The thesis contributes on five fronts: a conceptual four-layer representational stack; the Constraint-Orchestrated Agentic Layout Generation methodology; a structured comparison of five computational paradigms; a domain knowledge graph with ~120 nodes and 200 edges encoding data center infrastructure logic; and the OREXON SYSTEMS working prototype.
It is, of course, a beginning. The prototype is validated on a limited set of configurations; the ontology still needs full OWL/RDF formalization and publication; the evaluation metrics and usability findings need larger samples; and the workflow comparison remains qualitative. The road ahead runs through full ontology publication, expansion to campus and hyperscale typologies, BIM integration, multi-user sessions, quantitative benchmarking, and standards-as-code.

Implications: the architect as orchestrator
The broader implication of the research is not that AI replaces the architect. It is that the architect’s role expands. The architect becomes an orchestrator of systems: defining goals, encoding priorities, reviewing candidates, and validating compliance — with AI handling the combinatorial complexity that no single discipline can fully hold.
This is an important distinction. Automation alone would be a weak ambition. The stronger ambition is augmentation: a design workflow where AI helps expose relationships that are too coupled, too technical, or too numerous for any single discipline to manage alone — and where the architect retains authorship over what matters most.
For AI infrastructure, this shift is especially urgent. The next generation of data centers will not be evaluated only by how much compute they contain. They will be evaluated by where they are located, how efficiently they use power and water, how resilient they are to failure, and how quickly they can be adapted to new requirements. That is a design problem as much as an engineering one.
Research contributions
The thesis contributes conceptually by proposing a four-layer representational stack: geometry, topology, ontology and knowledge graph. It contributes methodologically through the framework of Constraint-Orchestrated Agentic Layout Generation. Technically, it delivers a working prototype and a domain knowledge graph encoding data center infrastructure logic. Practically, it demonstrates that multiple validated floor plan scenarios can be generated in a single design session.

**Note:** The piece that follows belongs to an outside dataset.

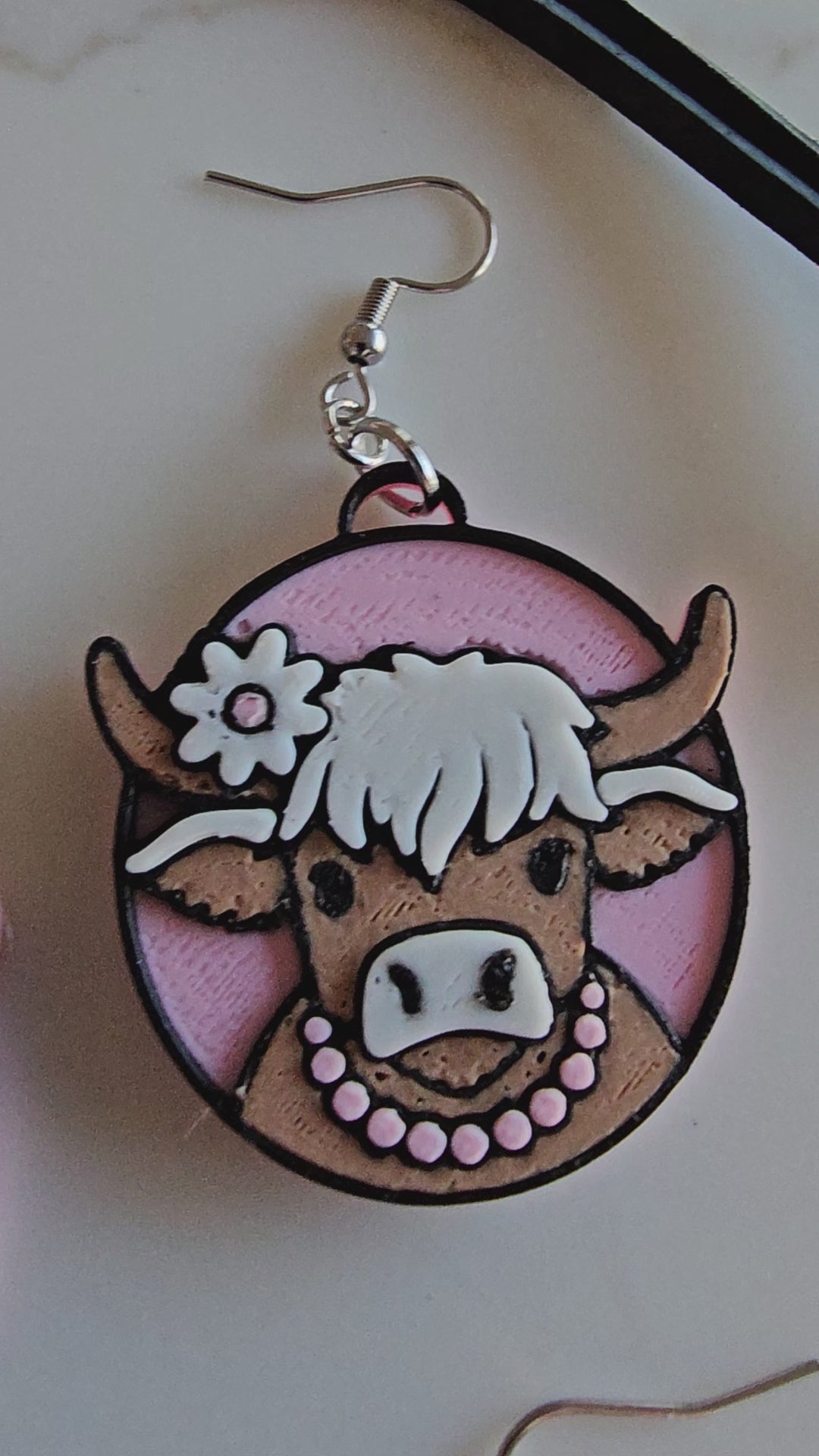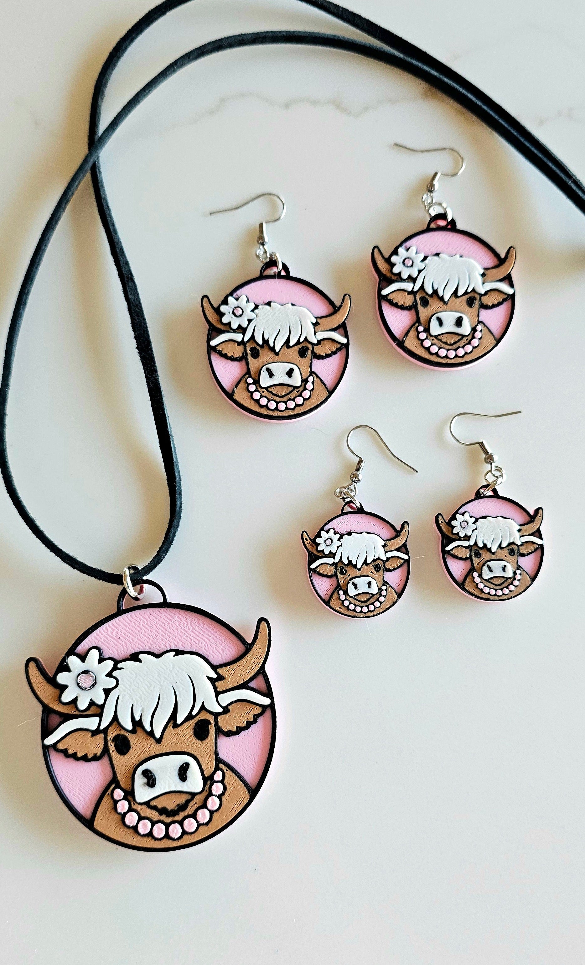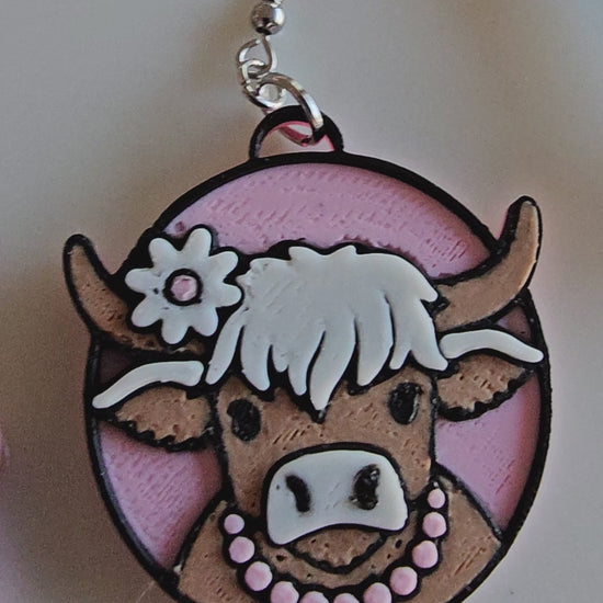 3D Print Cowgirl Highland Cow Picture Necklace or Earrings Western Made in America

The work remains at prototype stage. The system has been tested on limited configurations, the ontology requires further formalization, evaluation metrics need larger-scale validation and benchmarking against traditional workflows remains a future research direction. These limitations are not secondary details; they define the next trajectory of the work.
Future development includes ontology publication, standards-as-code, BIM workflow integration, multi-user collaborative sessions, campus-scale typologies and quantitative benchmarking. The long-term ambition is a design intelligence layer that makes data center architecture faster, more coherent, and more defensible — at every stage of the process.
Closing reflection
This research began with a simple provocation: if AI is transforming the world, can AI also help us design its own physical infrastructure? The answer is not a single generated image or a fully autonomous system. The answer is a framework — a way of encoding architectural intelligence into a process that can reason, evaluate, and refine in collaboration with a designer.

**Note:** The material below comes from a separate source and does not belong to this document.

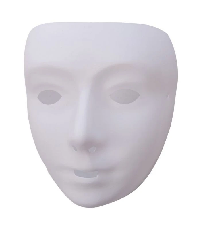 Maschera in plastica bianca. Semplice a anonima, si tratta di una maschera neutra.Articolo molto usato per esperienze didattiche . La misura è per un viso da ragazza . Corredata di elastico . Articolo molto economico
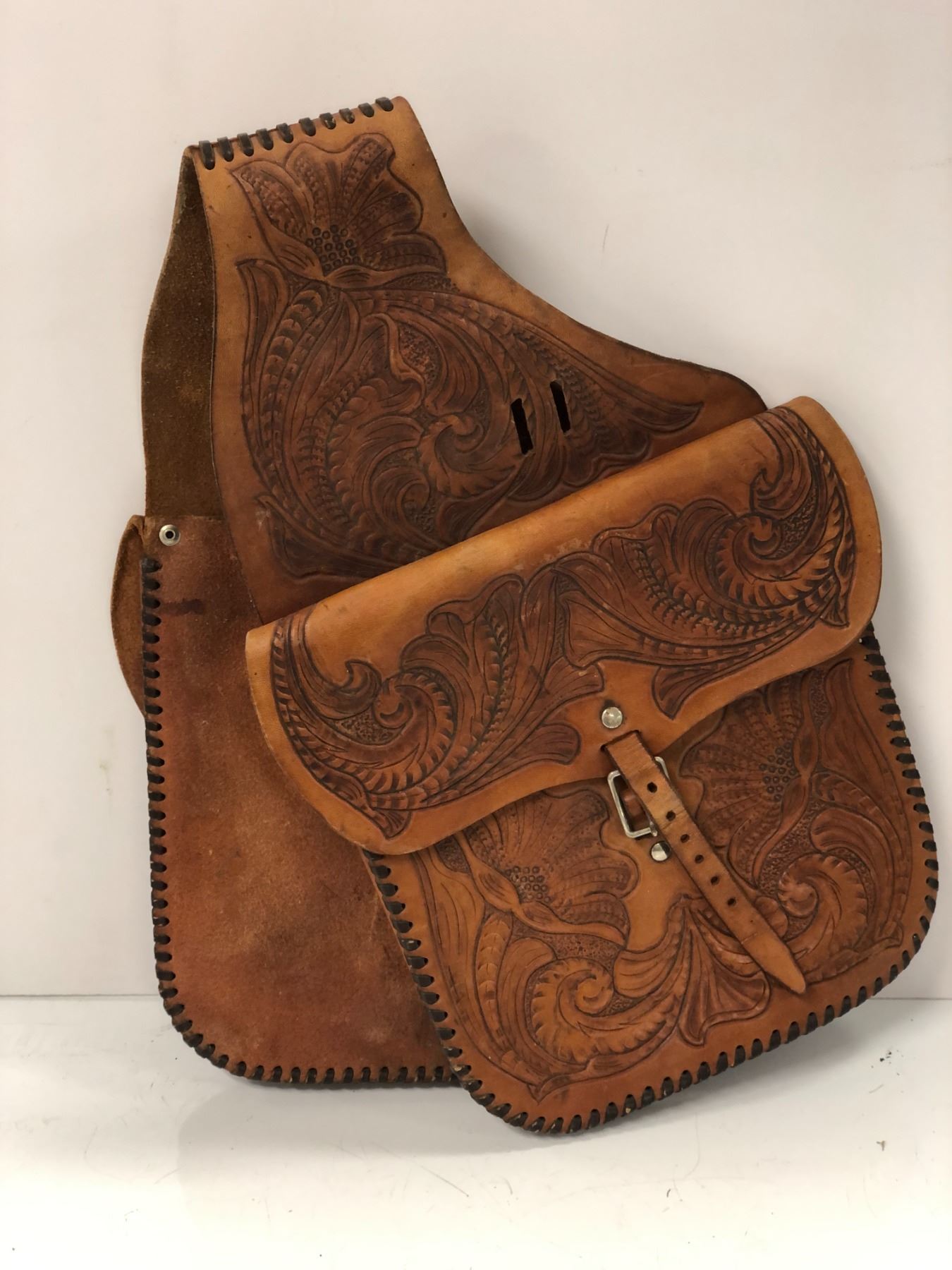 Tooled leather saddle bags

AI infrastructure is physical. It occupies land, consumes energy, produces heat, requires redundancy, creates environmental consequences and demands architectural decisions. To design it responsibly, we need workflows that are as sophisticated as the systems they produce.
Orexon Systems emerged from this research as one possible direction: an attempt to transform data center planning from late-stage coordination into early-stage architectural intelligence.